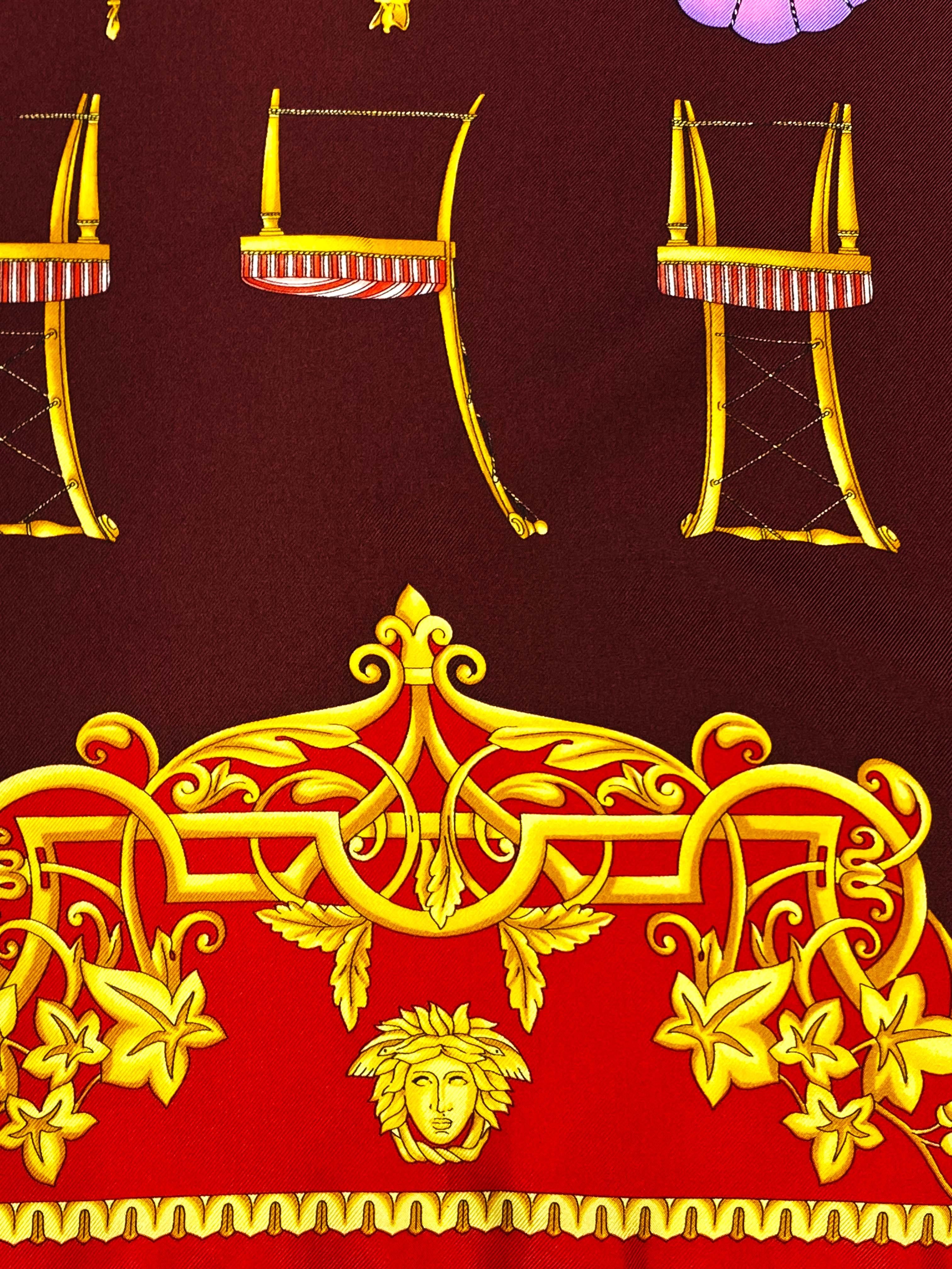 Presenting a beautiful baroque Atelier Versace square silk scarf designed by Gianni Versace. This scarf features several chairs surrounded by a floral baroque pattern. A small Versace Medusa logo is situated opposite the Atelier Versace signature.
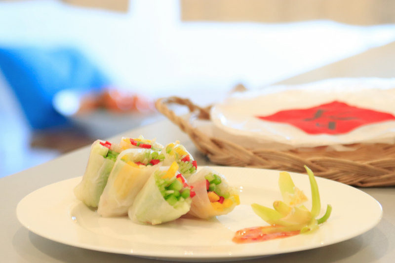 5:为春卷造个型,突出五彩缤纷的蔬菜层次。
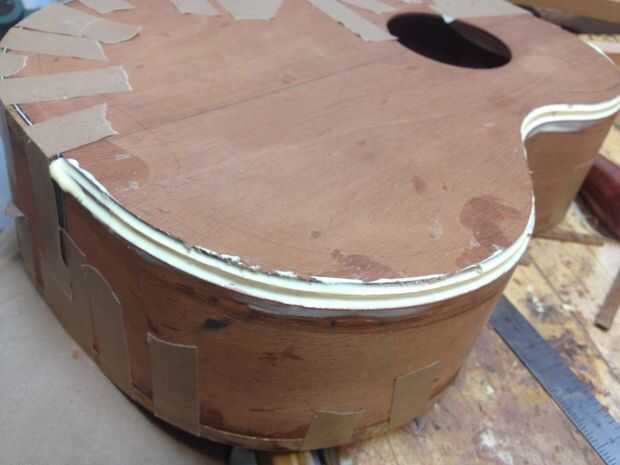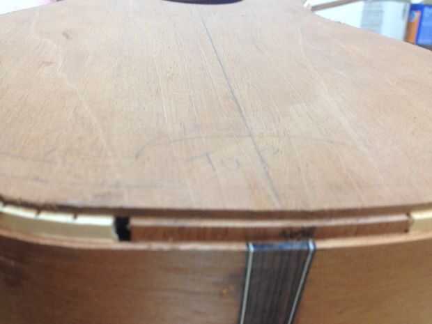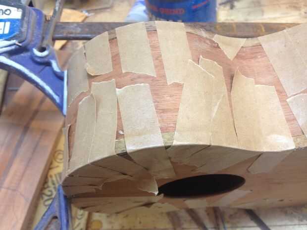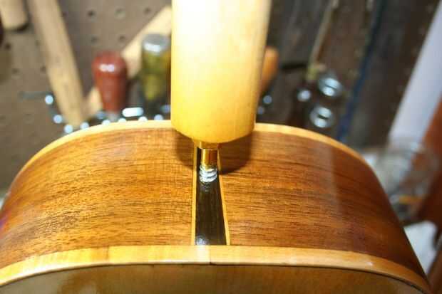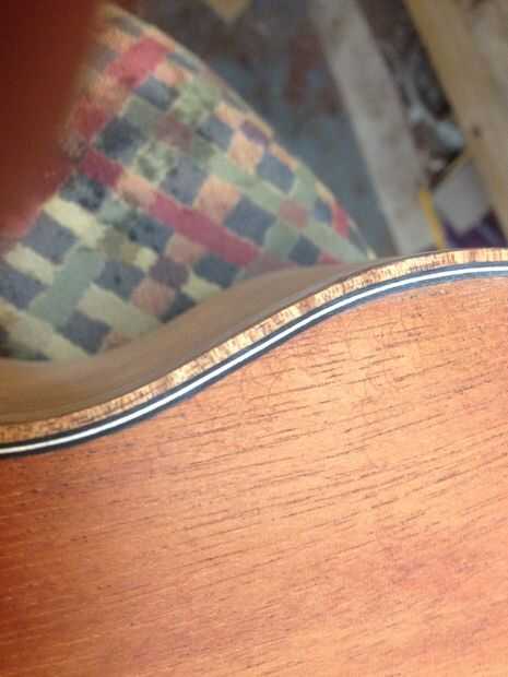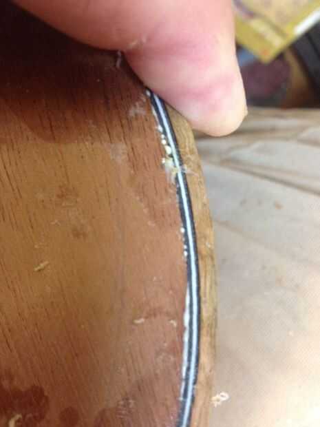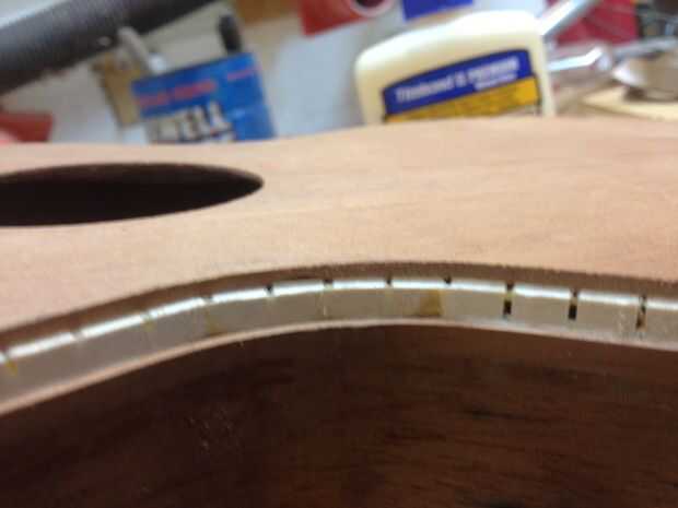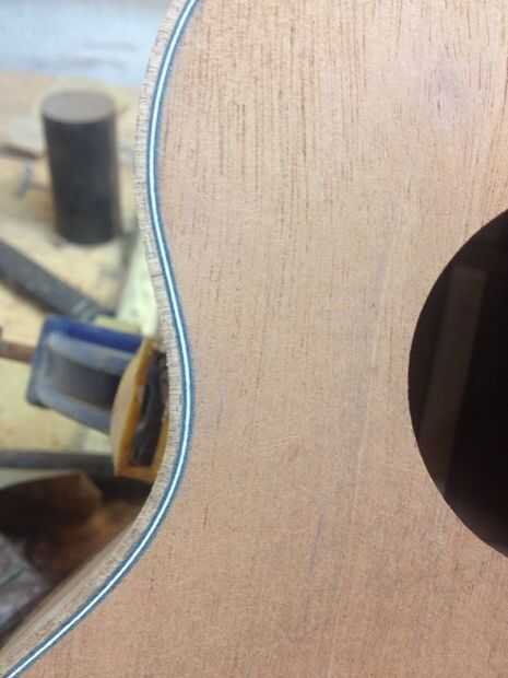 Usar un router con una broca recta y teniendo set up para mi canal de enlace. El primer cojinete deja un canal lo suficientemente amplio como para la Unión y y pruffling tan profundo como el purffling y el segundo corte es tan amplia como la Unión tan profunda como el atascamiento. ¿Hace la escena? ¡Estoy cansado! El canal en la parte de atrás es sólo para no atar purffling. Después de enrutamiento y la limpieza la pre enlace doblado es pegar con cinta hacia abajo hasta que el pegamento se seca. Usar a un gabinete scrapper para limpiar para arriba y arena plana
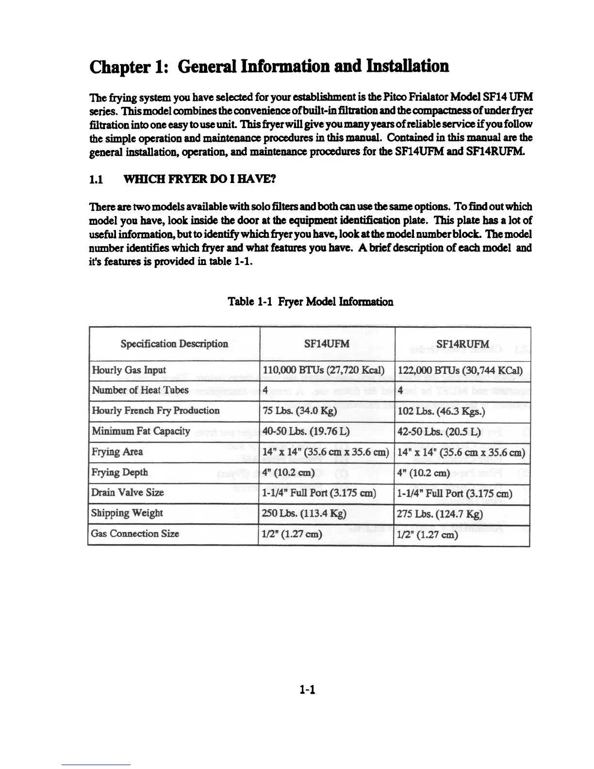 The frying system you have selected for your establishment is the Pita> Frialator Model SF14 UFM
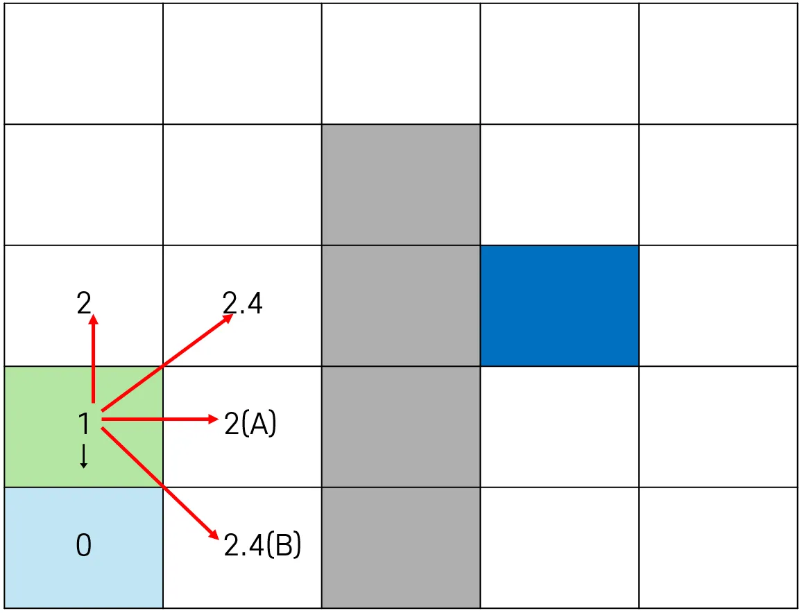 - 노드 A(1,1)는 Start노드로부터 탐색되었기 때문에, A노드에는 Start노드의 위치(2,1)를 기록한다.
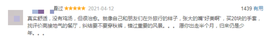 “舒适,没有鸡汤,治愈。”是网友给出最多的评价。
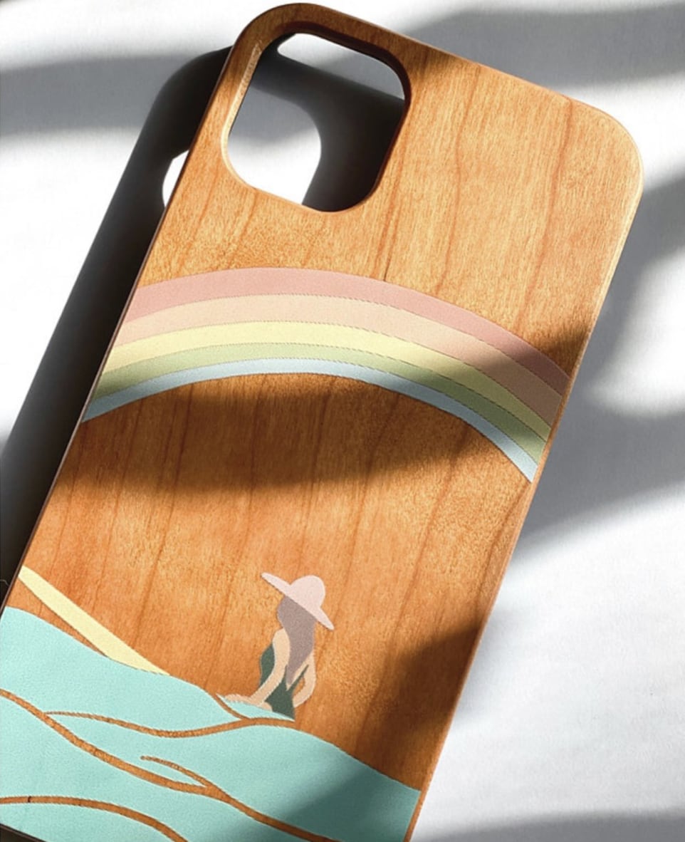 ひとつひとつ異なる木目が描く自然の模様に、Mahinailyのアートをそっと重ねました。チェリーウッドならではのあたたかみと、手にした瞬間に感じる木のぬくもりが
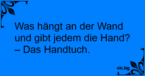 Was hängt an der Wand und gibt jedem die Hand? – Das Handtuch.

### Work order
Your task is to restate word for word the lines from the top of the data to the line containing "The frying system", both ends included, with every picture left out.

### Response box
 Presenting a beautiful baroque Atelier Versace square silk scarf designed by Gianni Versace. This scarf features several chairs surrounded by a floral baroque pattern. A small Versace Medusa logo is situated opposite the Atelier Versace signature.
 5:为春卷造个型,突出五彩缤纷的蔬菜层次。
 Usar un router con una broca recta y teniendo set up para mi canal de enlace. El primer cojinete deja un canal lo suficientemente amplio como para la Unión y y pruffling tan profundo como el purffling y el segundo corte es tan amplia como la Unión tan profunda como el atascamiento. ¿Hace la escena? ¡Estoy cansado! El canal en la parte de atrás es sólo para no atar purffling. Después de enrutamiento y la limpieza la pre enlace doblado es pegar con cinta hacia abajo hasta que el pegamento se seca. Usar a un gabinete scrapper para limpiar para arriba y arena plana
 The frying system you have selected for your establishment is the Pita> Frialator Model SF14 UFM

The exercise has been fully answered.